C’est un coup de filet retentissant, fruit d’une enquête minutieuse. Le 13 mai dernier, cinq membres d’une même famille italienne ont été interpellés en Haute-Savoie. Tous sont soupçonnés d’appartenir à la puissante ‘Ndrangheta, la mafia calabraise, et d’avoir blanchi plusieurs millions d’euros via deux établissements : la pizzeria Calabria Mia à Scientrier, et une autre à Saint-Julien-en-Genevois.

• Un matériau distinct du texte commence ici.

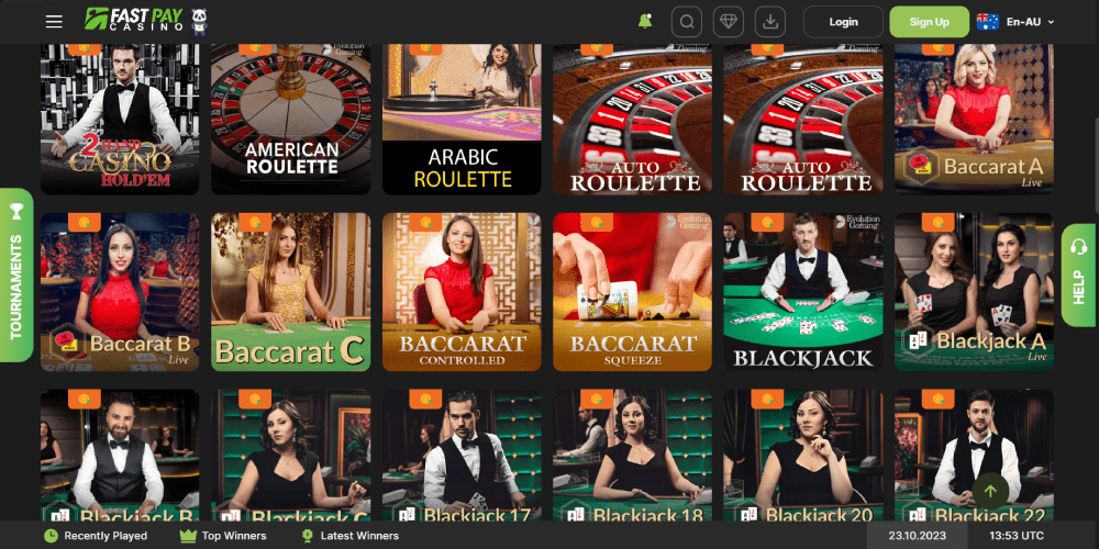 The games available on FastPay are from some of the best developers in the industry. In the "Lobby," you will find a handpicked assortment of the casino's most popular games; in "Slots," you will find FastPay's whole library of thousands of slot games; and in "Crypto Games," you will find games that can be played using Bitcoin. For games that utilise the Hold & Win feature and offer the chance to win incredible jackpots and prizes, check out "Hold & Win," "Megaways," "Bonus Buy," and "Live," respectively. You may arrange the games by developer or search for them by name.

À l’origine de cette opération : la JIRS de Lyon, la Juridiction Interrégionale Spécialisée en matière de criminalité organisée, en collaboration avec Interpol. Pendant trois années, ses enquêteurs ont suivi la trace d’un schéma de blanchiment apparemment bien rôdé, dissimulé derrière l’image bon enfant de restaurants familiaux.

Les suspects, jusqu’ici inconnus de la justice française, auraient servi d’intermédiaires pour blanchir des fonds en lien direct avec la ‘Ndrangheta. L’enquête fait même apparaître des connexions avec deux figures centrales de l’organisation criminelle : Antonio et Bartolo B., ce dernier étant soupçonné de diriger la « filière africaine » du clan.

Bartolo B. avait été arrêté en 2023 au Liban, dans une affaire liée à la saisie de près de trois tonnes de cocaïne en Côte d’Ivoire, pays où il possédait également… des pizzerias. Le parallèle n’a pas échappé aux enquêteurs.

Signes d’un blanchiment structuré

Derrière les fourneaux, les enquêteurs ont mis au jour des indices révélateurs : des salariés régulièrement remplacés, tous italiens, ne parlant pas français ; des fiches de paie fictives ; l’utilisation de « mules bancaires » pour déplacer et dissimuler les flux financiers.

Cette affaire souligne la capacité d’infiltration de la mafia italienne en France, à travers des structures en apparence anodines. Pour Interpol, cette opération est un signal d’alerte : la ‘Ndrangheta étend ses tentacules bien au-delà de l’Italie, en s’implantant notamment dans les circuits économiques traditionnels européens.

En tout, quinze personnes ont été interpellées, et les cinq principaux suspects mis en examen contestent à ce stade toutes les accusations portées contre eux.